• [TASK PROMPT]:
The expected result is an exact restatement of the data, free of pictures.

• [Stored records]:
::::

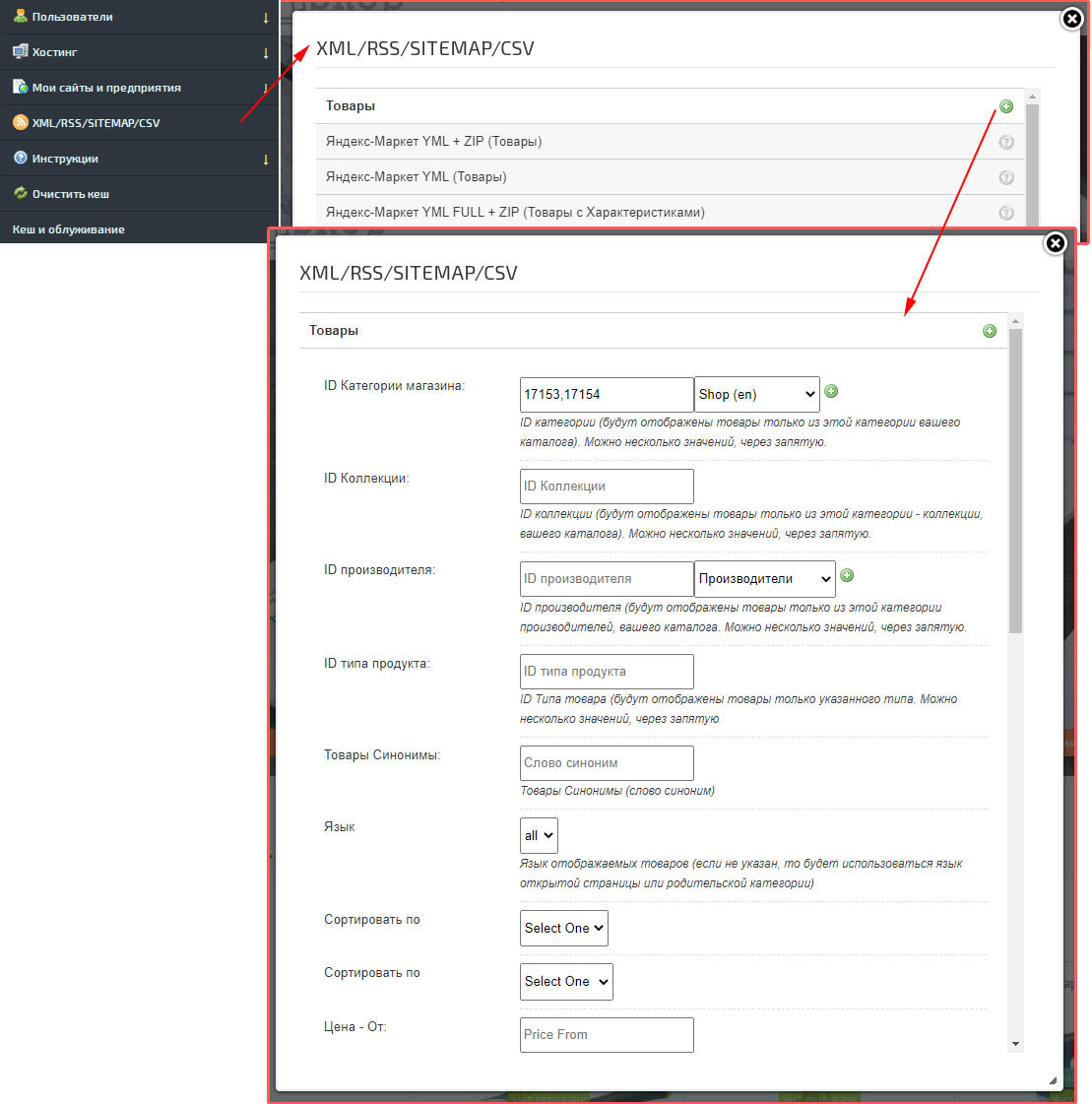 Додано віджет керування XML/YML/CSV/JSON вивантаженнями
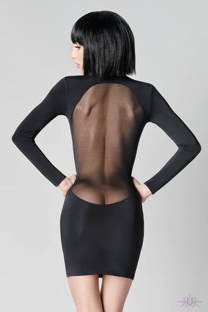 A beautiful seductive long sleeved dress from Maison Close, made from gorgeous ultra soft stretch microfibre, with added sheer mesh to the back. It is just perfect for nightwear or outerwear if preferred.
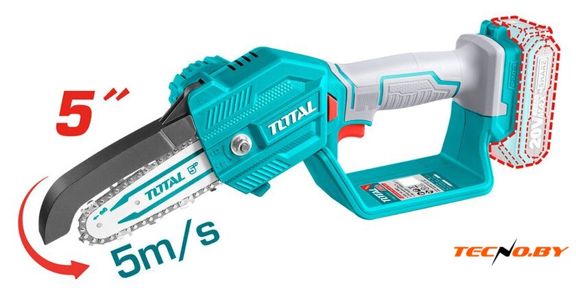 аккумуляторная, бытовая, 20 В, шаг цепи: 1/4 дюйма, длина шины: 15 см, аккумулятор в комплекте, 1.8 кг
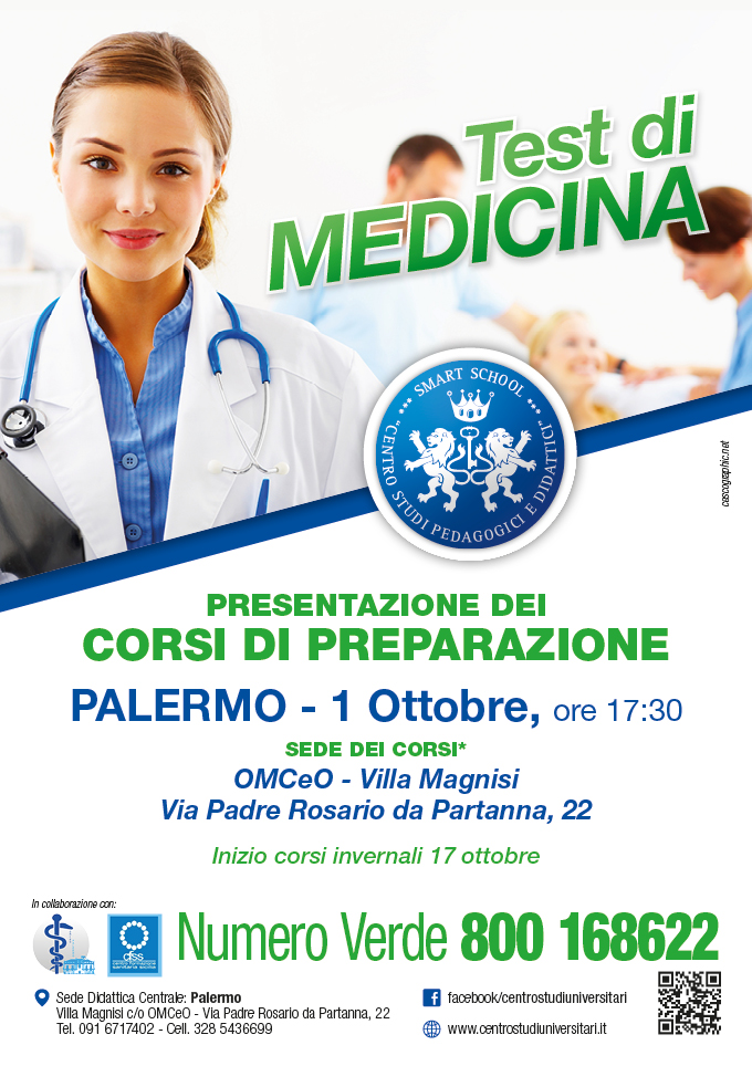Formazione Test di Medicina - Presentazione dei corsi di preparazione martedì 29 settembre 2015 Facebook Twitter [Apri l'allegato] 1 Ottobre ore 17.30 - Villa Magnisi Numero verde 800 168622 Inizio corsi invernali 17 ottobre
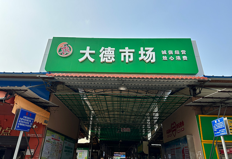 叠南市场2021年完成全场升级改造,经营面积5000多平方米,市场内不同种类食物分区域摆放。市场内智能溯源电子秤具备扫码支付、打印交易凭证(含溯源二维码)、实时上传交易数据等功能。商户信用公示屏可用于展示商户证照信息、票据信息、价格信息、评级信息、付款二维码。
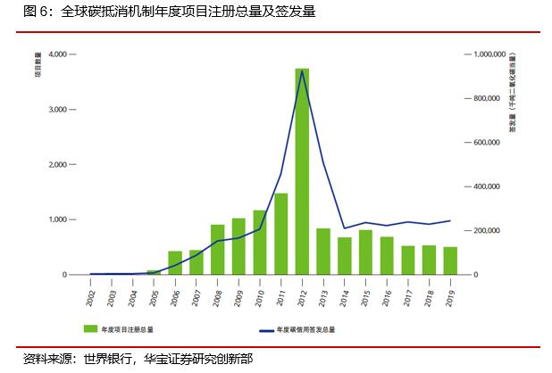 全球碳抵消机制市场在2012年达到顶峰,随后注册量和签发量大幅下滑。一般来说,为加速减排目标实现同时给予减排企业灵活履约的空间,大部分碳市场在初期会建立配套的碳抵消机制,主要用于抵消本市场内的强制履约义务。在2015-2019年间,有4个司法管辖区实施了新的碳信用机制,此外加拿大、墨西哥和南非等的碳信用机制也正处于开发阶段。据世界银行统计,截至2019年12月31日,全球共计注册约14,550个碳信用“项目”;其中,7,759个项目已签发约39亿吨二氧化碳当量的碳减排量,相当于使8.42亿辆乘用车停用一年所产生的减排量;同时,2019年签发碳信用约占当年全球碳信用的17%。但从时间维度上来看,自2013年以断崖下跌后,全球碳抵消机制的年度项目注册总量仍呈下滑趋势,同时自2015年以来,全球碳信用机制的碳信用签发量已下降35%,部分原因是由于中国温室气体自愿减排机制在2017年停止。
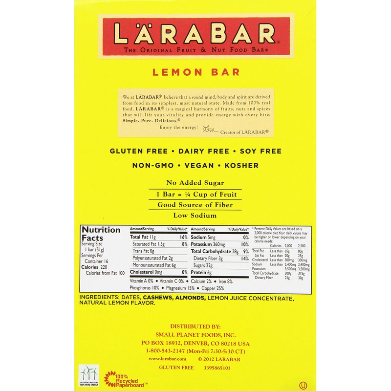 LÄRABAR Gluten Free Bar, Lemon Bar, 1.8 oz Bars (16 Count), Whole Food Gluten Free Bars, Dairy Free Snacks
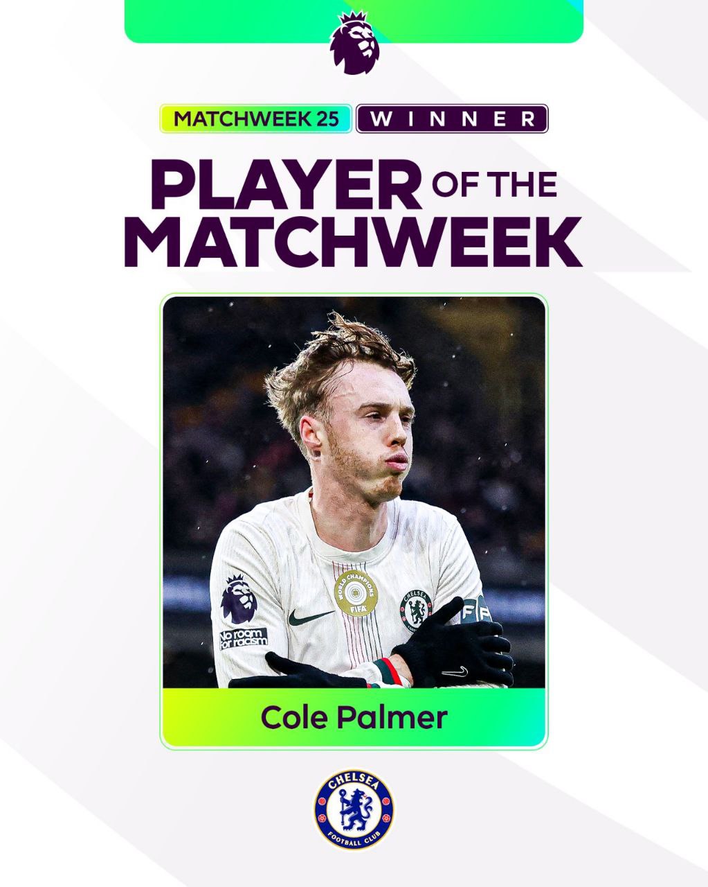"Chelsi" hujumkor yarim himoyachisi Koul Palmer Angliya Premyer-ligasida 25-turning eng yaxshi futbolchisi deb topildi.
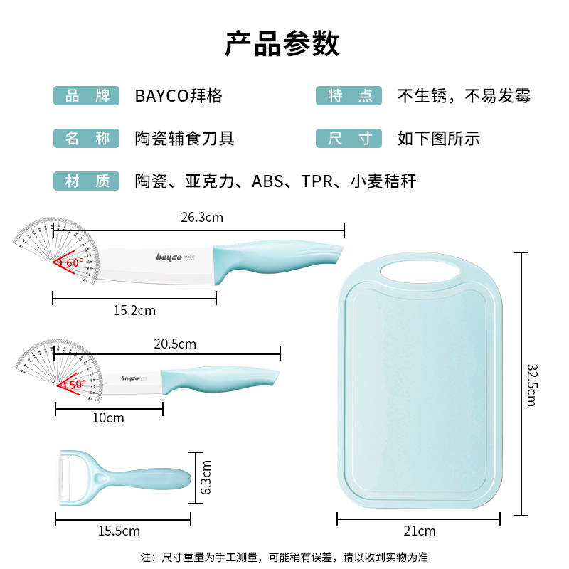 拜格陶瓷刀水果刀家用便携小刀瓜刨学生宿舍专用切水果削皮刀套装
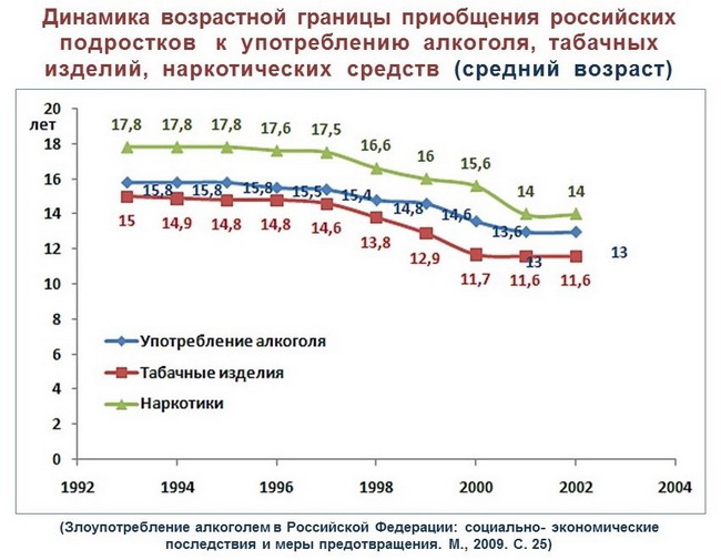 Второй пример. Давайте посмотрим на динамику смещения возрастной границы приобщения российских подростков к употреблению алкоголя, табачных изделий и наркотических средств за период с 1992 по 2004 годы (см. сборник трудов Злоупотребление алкоголем в Российской Федерации: социально- экономические последствия и меры предотвращения. М., 2009. С. 25). Значительное снижение в среднем на 3,5 года по всем показателям.

::::

• [ANSWER TO THIS PROBLEM]:
 Додано віджет керування XML/YML/CSV/JSON вивантаженнями
 A beautiful seductive long sleeved dress from Maison Close, made from gorgeous ultra soft stretch microfibre, with added sheer mesh to the back. It is just perfect for nightwear or outerwear if preferred.
 аккумуляторная, бытовая, 20 В, шаг цепи: 1/4 дюйма, длина шины: 15 см, аккумулятор в комплекте, 1.8 кг
Formazione Test di Medicina - Presentazione dei corsi di preparazione martedì 29 settembre 2015 Facebook Twitter [Apri l'allegato] 1 Ottobre ore 17.30 - Villa Magnisi Numero verde 800 168622 Inizio corsi invernali 17 ottobre
 叠南市场2021年完成全场升级改造,经营面积5000多平方米,市场内不同种类食物分区域摆放。市场内智能溯源电子秤具备扫码支付、打印交易凭证(含溯源二维码)、实时上传交易数据等功能。商户信用公示屏可用于展示商户证照信息、票据信息、价格信息、评级信息、付款二维码。
 全球碳抵消机制市场在2012年达到顶峰,随后注册量和签发量大幅下滑。一般来说,为加速减排目标实现同时给予减排企业灵活履约的空间,大部分碳市场在初期会建立配套的碳抵消机制,主要用于抵消本市场内的强制履约义务。在2015-2019年间,有4个司法管辖区实施了新的碳信用机制,此外加拿大、墨西哥和南非等的碳信用机制也正处于开发阶段。据世界银行统计,截至2019年12月31日,全球共计注册约14,550个碳信用“项目”;其中,7,759个项目已签发约39亿吨二氧化碳当量的碳减排量,相当于使8.42亿辆乘用车停用一年所产生的减排量;同时,2019年签发碳信用约占当年全球碳信用的17%。但从时间维度上来看,自2013年以断崖下跌后,全球碳抵消机制的年度项目注册总量仍呈下滑趋势,同时自2015年以来,全球碳信用机制的碳信用签发量已下降35%,部分原因是由于中国温室气体自愿减排机制在2017年停止。
 LÄRABAR Gluten Free Bar, Lemon Bar, 1.8 oz Bars (16 Count), Whole Food Gluten Free Bars, Dairy Free Snacks
"Chelsi" hujumkor yarim himoyachisi Koul Palmer Angliya Premyer-ligasida 25-turning eng yaxshi futbolchisi deb topildi.
 拜格陶瓷刀水果刀家用便携小刀瓜刨学生宿舍专用切水果削皮刀套装
 Второй пример. Давайте посмотрим на динамику смещения возрастной границы приобщения российских подростков к употреблению алкоголя, табачных изделий и наркотических средств за период с 1992 по 2004 годы (см. сборник трудов Злоупотребление алкоголем в Российской Федерации: социально- экономические последствия и меры предотвращения. М., 2009. С. 25). Значительное снижение в среднем на 3,5 года по всем показателям.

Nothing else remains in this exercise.